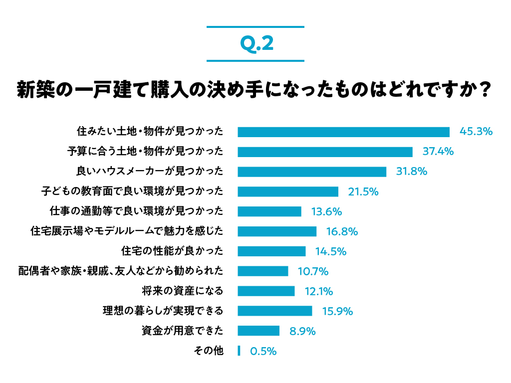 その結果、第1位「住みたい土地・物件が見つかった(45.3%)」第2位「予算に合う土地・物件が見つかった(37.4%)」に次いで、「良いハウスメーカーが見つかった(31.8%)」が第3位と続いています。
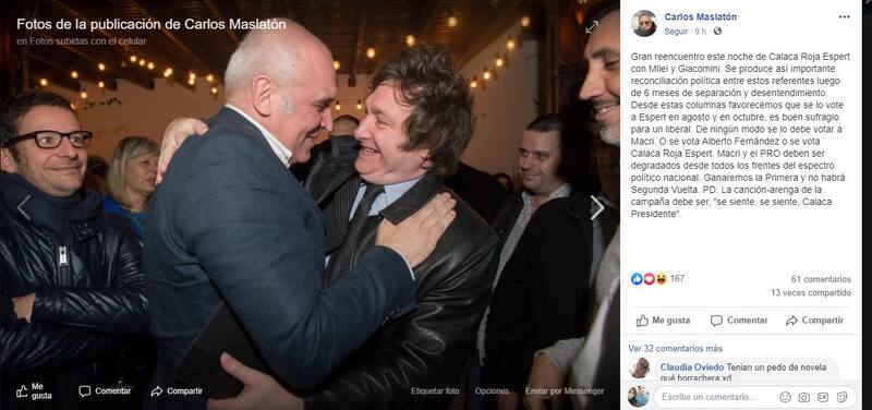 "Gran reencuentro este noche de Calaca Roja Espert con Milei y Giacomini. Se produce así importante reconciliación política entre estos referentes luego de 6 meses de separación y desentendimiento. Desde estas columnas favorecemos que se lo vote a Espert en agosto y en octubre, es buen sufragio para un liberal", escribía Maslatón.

* * *

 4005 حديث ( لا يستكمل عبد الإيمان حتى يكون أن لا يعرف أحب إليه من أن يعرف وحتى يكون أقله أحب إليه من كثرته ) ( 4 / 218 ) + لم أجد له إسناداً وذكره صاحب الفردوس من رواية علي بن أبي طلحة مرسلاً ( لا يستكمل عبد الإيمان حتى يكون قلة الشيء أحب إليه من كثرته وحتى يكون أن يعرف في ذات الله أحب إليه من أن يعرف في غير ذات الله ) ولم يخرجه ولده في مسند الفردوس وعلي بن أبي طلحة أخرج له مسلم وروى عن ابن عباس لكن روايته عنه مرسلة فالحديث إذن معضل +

...

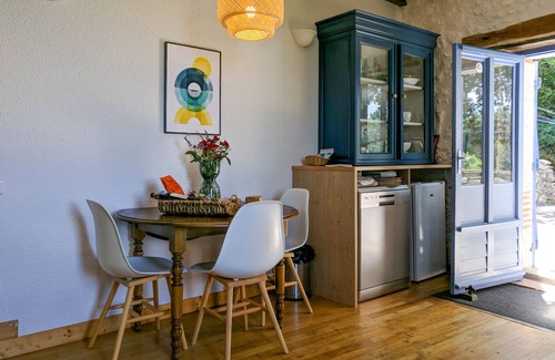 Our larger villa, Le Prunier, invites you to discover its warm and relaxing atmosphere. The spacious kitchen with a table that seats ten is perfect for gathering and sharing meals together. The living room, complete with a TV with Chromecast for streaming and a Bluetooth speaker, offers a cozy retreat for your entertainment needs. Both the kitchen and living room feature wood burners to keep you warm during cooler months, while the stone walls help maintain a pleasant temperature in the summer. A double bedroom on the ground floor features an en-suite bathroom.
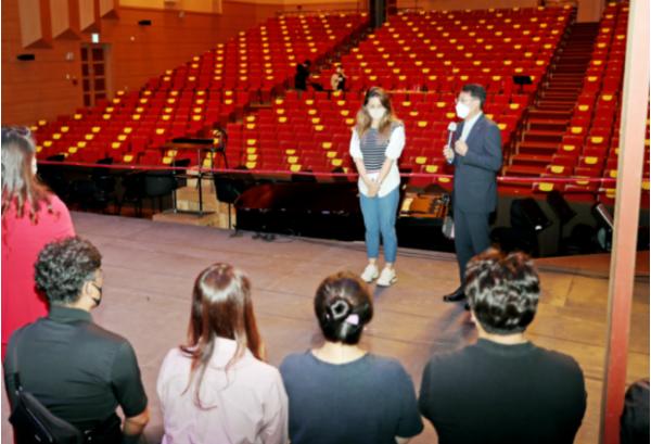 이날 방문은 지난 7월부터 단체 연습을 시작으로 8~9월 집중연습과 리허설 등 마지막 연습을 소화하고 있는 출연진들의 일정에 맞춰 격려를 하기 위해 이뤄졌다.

Work instruction:
Would you restate, exactly and with no pictures, the lines of the entries above from the one containing "その結果、第1位「住みたい土" through the one containing "reencuentro este noche"?

Written answer:
 その結果、第1位「住みたい土地・物件が見つかった(45.3%)」第2位「予算に合う土地・物件が見つかった(37.4%)」に次いで、「良いハウスメーカーが見つかった(31.8%)」が第3位と続いています。
 "Gran reencuentro este noche de Calaca Roja Espert con Milei y Giacomini. Se produce así importante reconciliación política entre estos referentes luego de 6 meses de separación y desentendimiento. Desde estas columnas favorecemos que se lo vote a Espert en agosto y en octubre, es buen sufragio para un liberal", escribía Maslatón.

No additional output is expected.